- **RECORDS**

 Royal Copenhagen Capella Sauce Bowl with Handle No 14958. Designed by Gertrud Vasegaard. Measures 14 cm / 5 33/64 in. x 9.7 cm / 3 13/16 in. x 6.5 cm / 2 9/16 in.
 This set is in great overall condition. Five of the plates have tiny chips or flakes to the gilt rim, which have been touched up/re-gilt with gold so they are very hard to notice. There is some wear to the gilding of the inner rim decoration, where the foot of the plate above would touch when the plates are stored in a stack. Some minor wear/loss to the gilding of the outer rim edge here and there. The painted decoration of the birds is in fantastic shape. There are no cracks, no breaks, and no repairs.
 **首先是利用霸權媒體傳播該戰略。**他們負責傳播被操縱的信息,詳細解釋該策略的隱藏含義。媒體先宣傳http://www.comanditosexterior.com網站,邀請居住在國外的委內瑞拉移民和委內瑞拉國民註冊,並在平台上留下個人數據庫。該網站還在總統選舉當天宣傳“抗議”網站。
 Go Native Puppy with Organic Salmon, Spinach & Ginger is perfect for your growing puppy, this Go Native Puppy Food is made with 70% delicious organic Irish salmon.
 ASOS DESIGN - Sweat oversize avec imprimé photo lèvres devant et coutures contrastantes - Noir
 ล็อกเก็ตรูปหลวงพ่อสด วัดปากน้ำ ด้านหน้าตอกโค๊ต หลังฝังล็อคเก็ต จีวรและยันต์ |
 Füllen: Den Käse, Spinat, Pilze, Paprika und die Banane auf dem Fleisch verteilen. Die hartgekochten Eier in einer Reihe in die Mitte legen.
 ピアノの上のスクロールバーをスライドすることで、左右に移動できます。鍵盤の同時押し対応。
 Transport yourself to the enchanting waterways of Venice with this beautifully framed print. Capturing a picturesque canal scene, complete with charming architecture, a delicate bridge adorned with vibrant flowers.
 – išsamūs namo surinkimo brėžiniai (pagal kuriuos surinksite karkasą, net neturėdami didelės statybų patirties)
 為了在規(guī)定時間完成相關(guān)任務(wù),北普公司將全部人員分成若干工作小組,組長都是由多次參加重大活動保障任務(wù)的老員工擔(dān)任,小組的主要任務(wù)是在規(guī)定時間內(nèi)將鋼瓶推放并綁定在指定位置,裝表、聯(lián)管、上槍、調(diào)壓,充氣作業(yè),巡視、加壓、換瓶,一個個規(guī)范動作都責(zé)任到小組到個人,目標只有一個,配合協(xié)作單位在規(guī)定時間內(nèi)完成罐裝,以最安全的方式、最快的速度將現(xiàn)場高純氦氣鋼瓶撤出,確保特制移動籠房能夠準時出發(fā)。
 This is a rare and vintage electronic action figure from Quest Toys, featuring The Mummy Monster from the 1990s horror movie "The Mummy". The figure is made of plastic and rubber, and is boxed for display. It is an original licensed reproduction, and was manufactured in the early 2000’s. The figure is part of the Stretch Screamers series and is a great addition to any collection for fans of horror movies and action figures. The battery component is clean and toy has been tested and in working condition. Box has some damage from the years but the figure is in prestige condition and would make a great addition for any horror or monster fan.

- **WHAT YOU WILL DO**
Scan the listing for the string "great", then copy every line where it appears.

- **TASK RESPONSE**
 This set is in great overall condition. Five of the plates have tiny chips or flakes to the gilt rim, which have been touched up/re-gilt with gold so they are very hard to notice. There is some wear to the gilding of the inner rim decoration, where the foot of the plate above would touch when the plates are stored in a stack. Some minor wear/loss to the gilding of the outer rim edge here and there. The painted decoration of the birds is in fantastic shape. There are no cracks, no breaks, and no repairs.
 This is a rare and vintage electronic action figure from Quest Toys, featuring The Mummy Monster from the 1990s horror movie "The Mummy". The figure is made of plastic and rubber, and is boxed for display. It is an original licensed reproduction, and was manufactured in the early 2000’s. The figure is part of the Stretch Screamers series and is a great addition to any collection for fans of horror movies and action figures. The battery component is clean and toy has been tested and in working condition. Box has some damage from the years but the figure is in prestige condition and would make a great addition for any horror or monster fan.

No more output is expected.